▸ **WORK TO BE COMPLETED**:
Set every record down verbatim and omit the pictures.
*** Opening DATA SHOWN ***
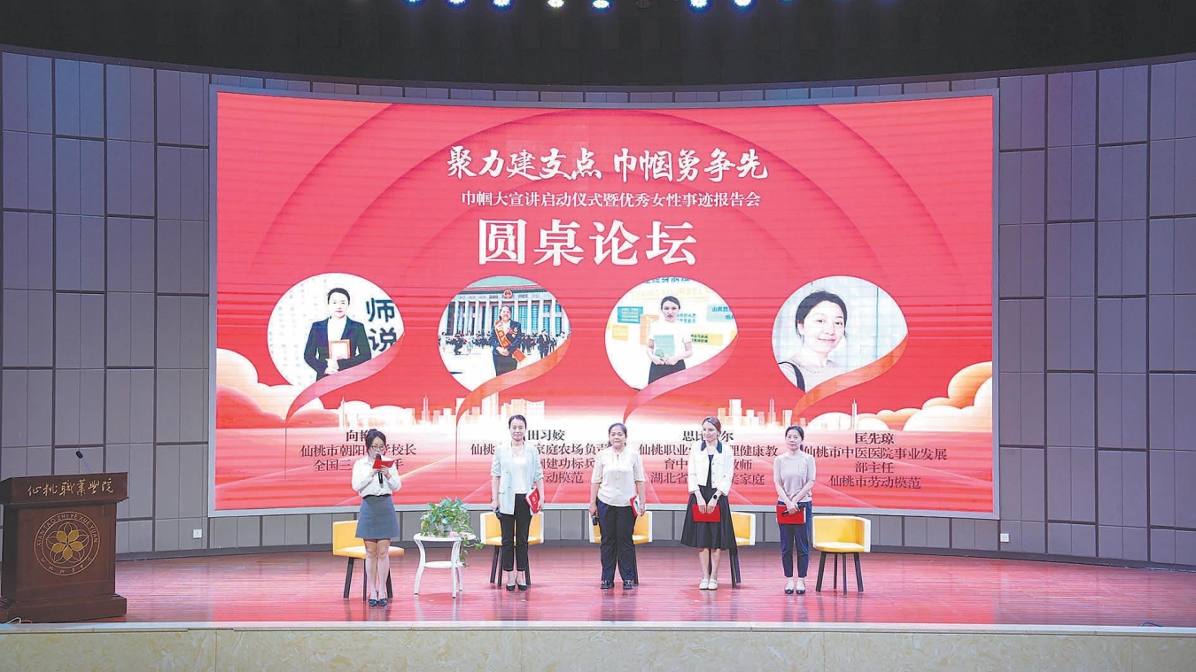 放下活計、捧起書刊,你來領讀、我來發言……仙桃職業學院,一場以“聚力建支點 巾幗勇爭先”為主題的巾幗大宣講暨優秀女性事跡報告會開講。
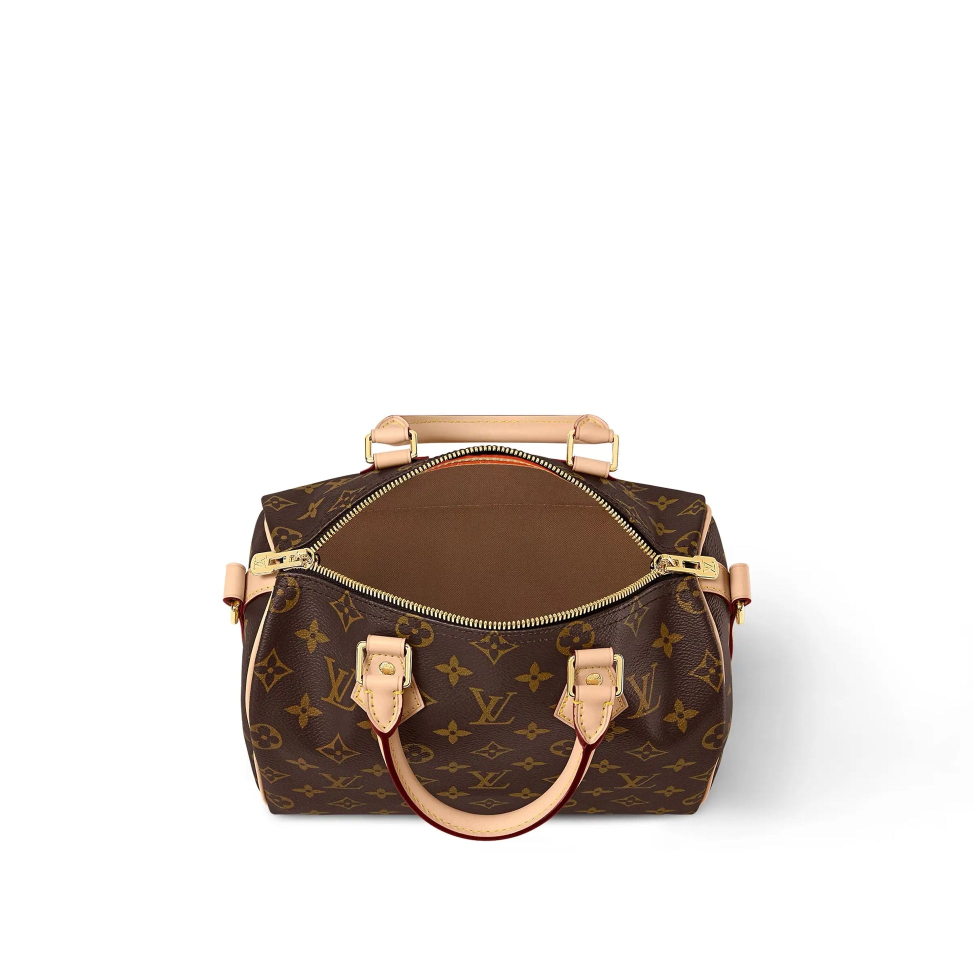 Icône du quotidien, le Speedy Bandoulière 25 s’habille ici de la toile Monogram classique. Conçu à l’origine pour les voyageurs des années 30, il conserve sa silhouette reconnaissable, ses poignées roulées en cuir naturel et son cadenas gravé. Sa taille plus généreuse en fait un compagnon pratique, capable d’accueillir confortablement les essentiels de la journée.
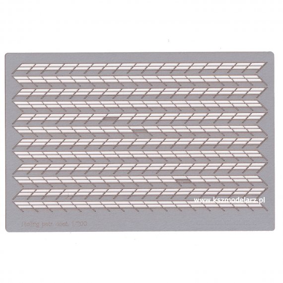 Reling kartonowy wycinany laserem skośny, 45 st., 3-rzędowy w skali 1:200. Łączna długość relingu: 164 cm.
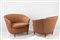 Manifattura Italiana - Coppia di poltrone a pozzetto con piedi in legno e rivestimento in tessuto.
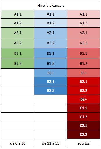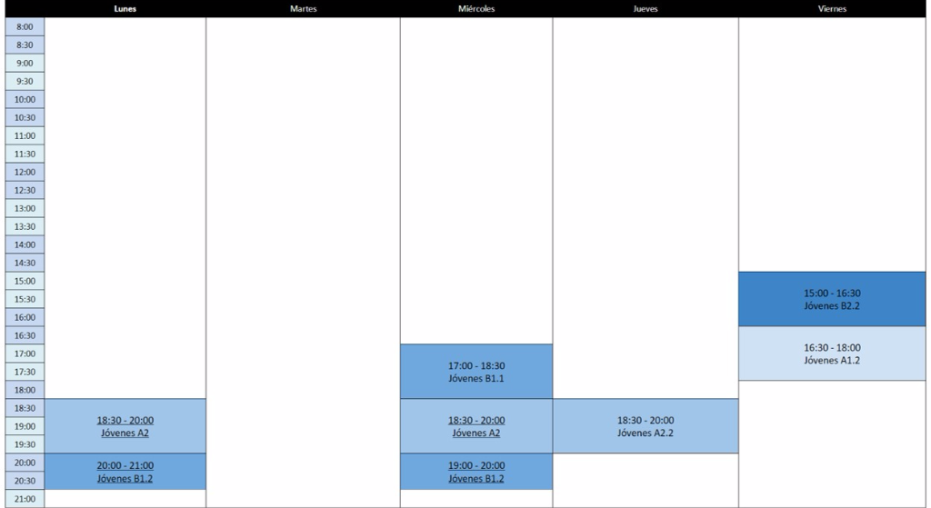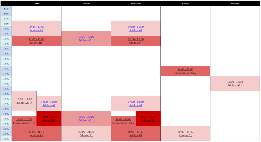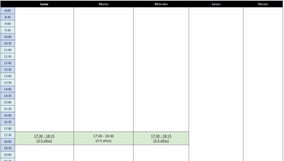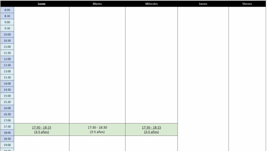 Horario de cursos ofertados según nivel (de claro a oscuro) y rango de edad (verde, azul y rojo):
*** Closing DATA SHOWN ***
▸ **SOLUTION**:
 放下活計、捧起書刊,你來領讀、我來發言……仙桃職業學院,一場以“聚力建支點 巾幗勇爭先”為主題的巾幗大宣講暨優秀女性事跡報告會開講。
 Icône du quotidien, le Speedy Bandoulière 25 s’habille ici de la toile Monogram classique. Conçu à l’origine pour les voyageurs des années 30, il conserve sa silhouette reconnaissable, ses poignées roulées en cuir naturel et son cadenas gravé. Sa taille plus généreuse en fait un compagnon pratique, capable d’accueillir confortablement les essentiels de la journée.
 Reling kartonowy wycinany laserem skośny, 45 st., 3-rzędowy w skali 1:200. Łączna długość relingu: 164 cm.
 Manifattura Italiana - Coppia di poltrone a pozzetto con piedi in legno e rivestimento in tessuto.
 Horario de cursos ofertados según nivel (de claro a oscuro) y rango de edad (verde, azul y rojo):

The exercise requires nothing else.